Iran has developed a version of the Russian S-300 missile and will test-fire it soon, the official news agency IRNA said, two months after Moscow cancelled a delivery of the sophisticated system to Tehran to comply with UN sanctions.
"The Iranian (version) of the S-300 system is undergoing field modification and will be test-fired soon," IRNA quoted Brigadier General Mohammad Hassan Mansourian, a commander in Iran's elite Revolutionary Guards, on Wednesday as saying.
World powers are locked in an eight-year-old stand-off with Iran over its nuclear energy program, which they believe will be used to develop nuclear bombs rather than be devoted to peaceful generation of electricity, as Tehran says.
Some Western officials suspect Iran's development of more sophisticated missiles and some much-publicized missile tests could serve the goal of developing a deliverable nuclear weapon.
The Islamic Republic denies such accusations, saying its missile development efforts are for defensive purposes only.
Russian President Dmitry Medvedev banned the delivery of the high-precision S-300 air defense system to Iran in September, scuttling a tentative deal in gestation for years, saying it would violate expanded UN sanctions imposed in June over Iran's defiance of demands to curb its nuclear program.
Iranian officials said after Russia scrapped the sale that Tehran had decided to build its own model of the S-300.
"Buying S-300 missiles from the Russia was on the agenda to meet some of the security needs of our country," said Mansourian. "But under the pretext of the (UN Security Council) resolution and due to American and Zionist pressure, Russia refused to deliver the defensive system."
Pieter Wezeman, a researcher on military issues at the Stockholm International Peace Research Institute (SIPRI), said he was skeptical about Iran's ability to build its own S-300.
"Producing such a system is an extremely complex thing to do.

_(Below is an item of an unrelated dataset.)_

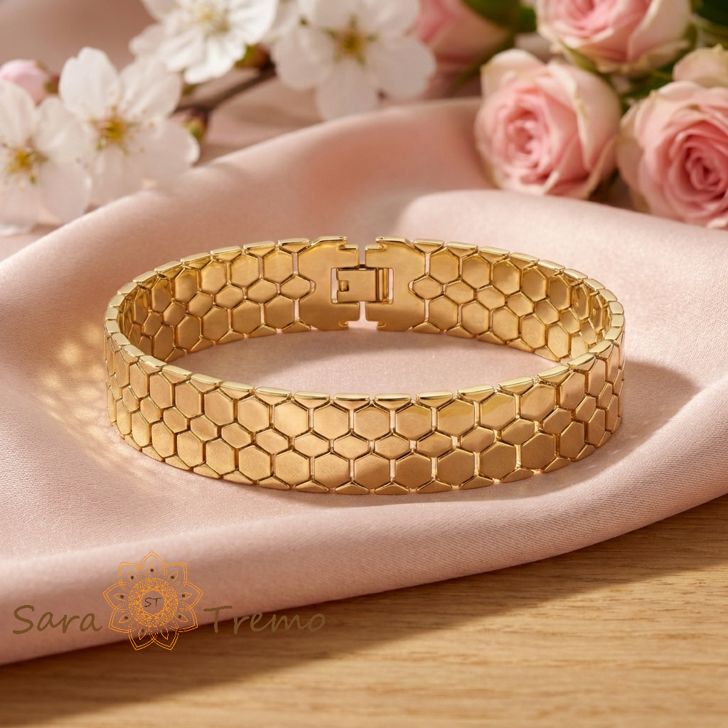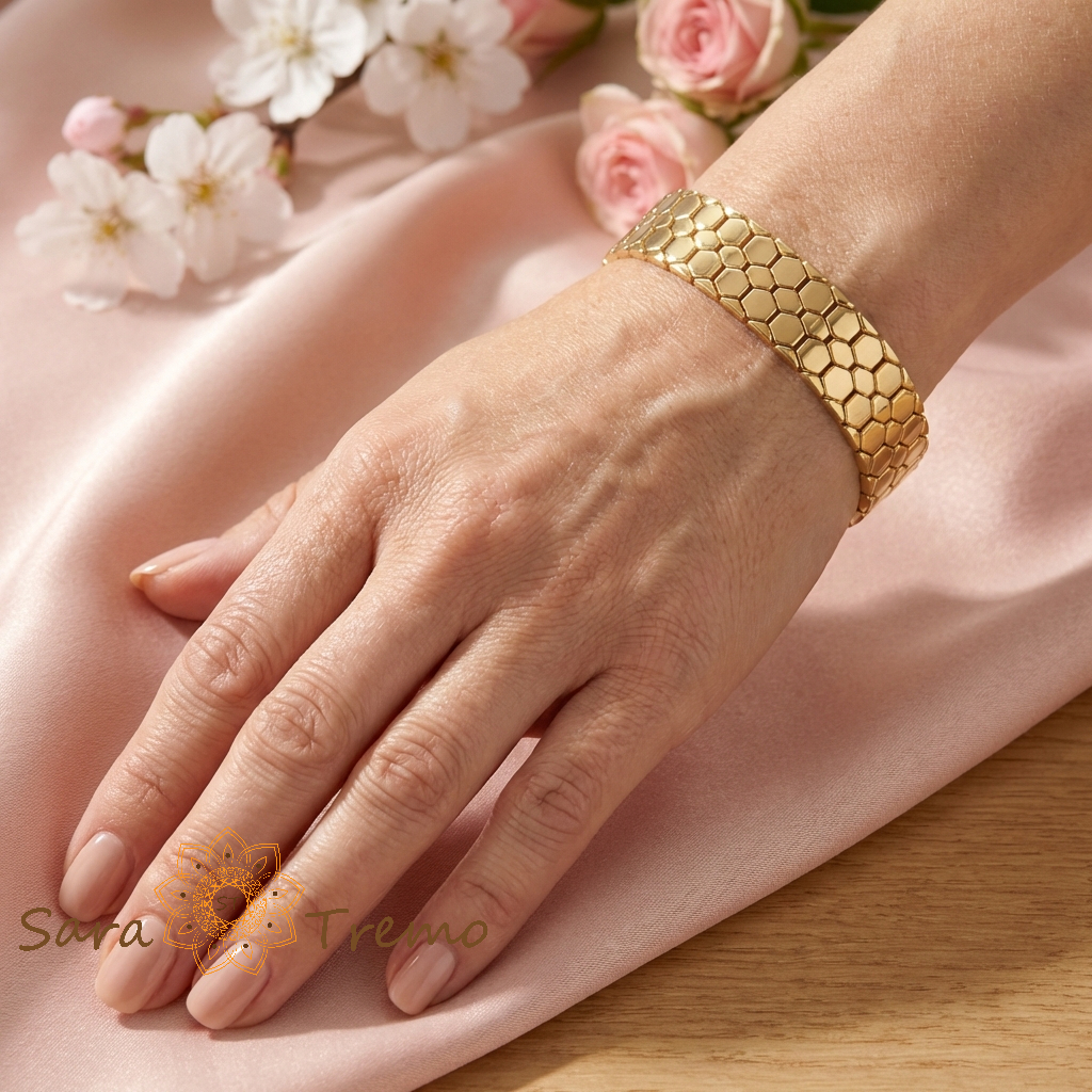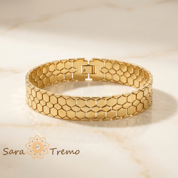 Designul tip fagure creeaza un joc subtil de lumina pe fiecare segment, oferind senzatia unei bijuterii de lux, similara pieselor din aur masiv purtate la evenimente exclusiviste. Este o bratara pentru femeia sigura pe ea, care apreciaza stilul puternic si detaliile arhitecturale in bijuterii.

These are advanced systems which only have been produced by countries with a very extensive, well-functioning arms industry with a large industrial base," Wezeman told Reuters.
The United States and Israel had urged Moscow to scrap the deal, fearing Iran could use S-300s to shield nuclear facilities that they suspect are part of an atomic bomb program.
US and Israeli officials have not ruled out a pre-emptive attack to knock out Iran's nuclear sites if diplomacy fails.
Iran this week offered world powers some dates for renewed talks but President Mahmoud Ahmadinejad said on Thursday the disputed nuclear program would not be up for negotiation.
The Islamic Republic has warned that its response to any military attack would be crushing.
Iranian officials have criticized their Russian counterparts for unilaterally nullifying the S-300 sale contract.
A Russian official has said Moscow planned to pay back a $166.8 million advance payment made by Iran for the S-300.
Moscow's support for a fourth round of UN sanctions was part of a gradual shift closer towards the tougher stance that the United States and European Union have taken towards Iran.
Russia, which has built Iran's first civilian atomic power plant, backs Western efforts to make Iran prove its nuclear work is purely peaceful, but strongly opposes any use of force.